Java serialization bytes for Order object
----sr--model.Order----h#-----J--idL--customert--Lmodel/Customer;L--descriptiont--Ljava/lang/String;L--orderLinest--Ljava/util/List;L--totalCostt--Ljava/math/BigDecimal;xp--------ppsr--java.util.ArrayListx-----a----I--sizexp----w-----sr--model.OrderLine--&-1-S----I--lineNumberL--costq-~--L--descriptionq-~--L--ordert--Lmodel/Order;xp----sr--java.math.BigDecimalT--W--(O---I--scaleL--intValt--Ljava/math/BigInteger;xr--java.lang.Number-----------xp----sr--java.math.BigInteger-----;-----I--bitCountI--bitLengthI--firstNonzeroByteNumI--lowestSetBitI--signum[--magnitudet--[Bxq-~----------------------ur--[B------T----xp----xxpq-~--xq-~--
(note "-" means an unprintable character)

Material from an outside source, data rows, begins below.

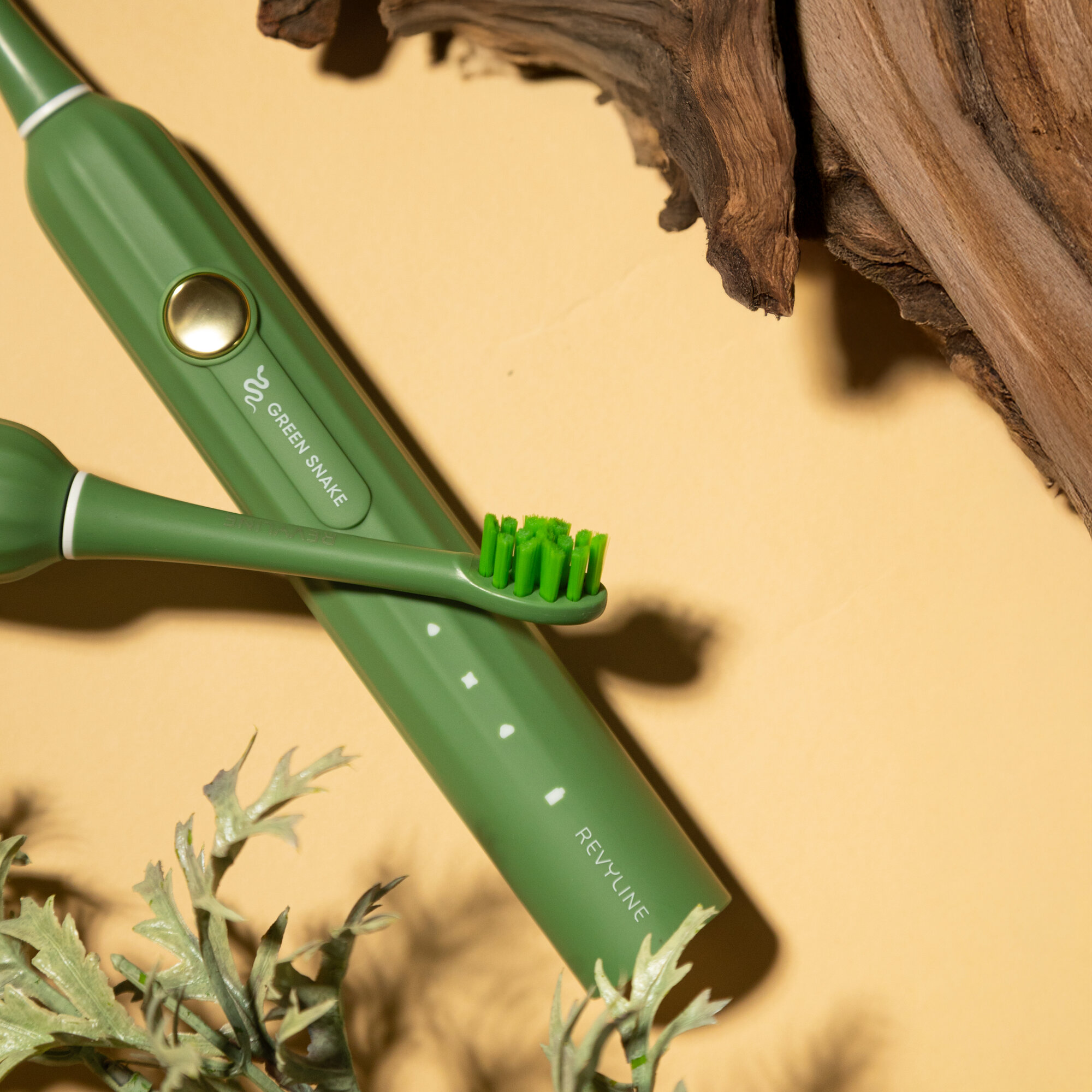 Купить Зубная щетка электрическая звуковая Revyline RL 075 Green Snake, зеленая, 5 режимов, 2 насадки
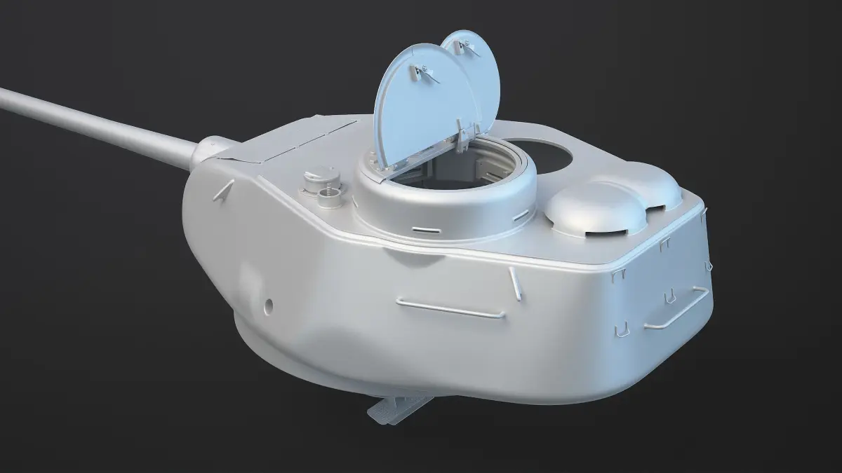 Detailed 3d-model of main parts of tank T-34-85 turret with 85-mm gun ZiS-S-53.
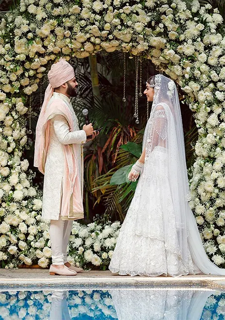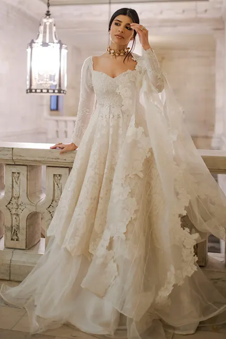 In the flurry of reds and pinks, we understand the need to stand out on your wedding day. While there are many gorgeous and unconventional hues to choose from, nothing looks as enchanting as a bridal outfit in ivory.

As you may have noticed, Java serialization writes out not only the full class name of the object being serialized, but also the entire class definition of the class being serialized, and all of the referenced classes. The class definition can be quite large, and seems to be the main performance and efficiency issue, especially when writing out a single object. If you are writing out a large number of objects of the same class, then the class definition overhead is not normally a big issue. One other thing that I noticed, is that if your object has a reference to a class (such as a meta-data object), then Java serialization will write the entire class definition, not just the class name, so using Java serialization to write out meta-data is very expensive.
Externalizable
It is possible to optimize Java serialization through implementing the Externalizable interface. Implementing this interface avoids writing out the entire class definition, just the class name is written. It requires that you implement thereadExternal
and writeExternal
methods, so requires some work and maintenance on your part, but is faster and more efficient than just implementing Serializable.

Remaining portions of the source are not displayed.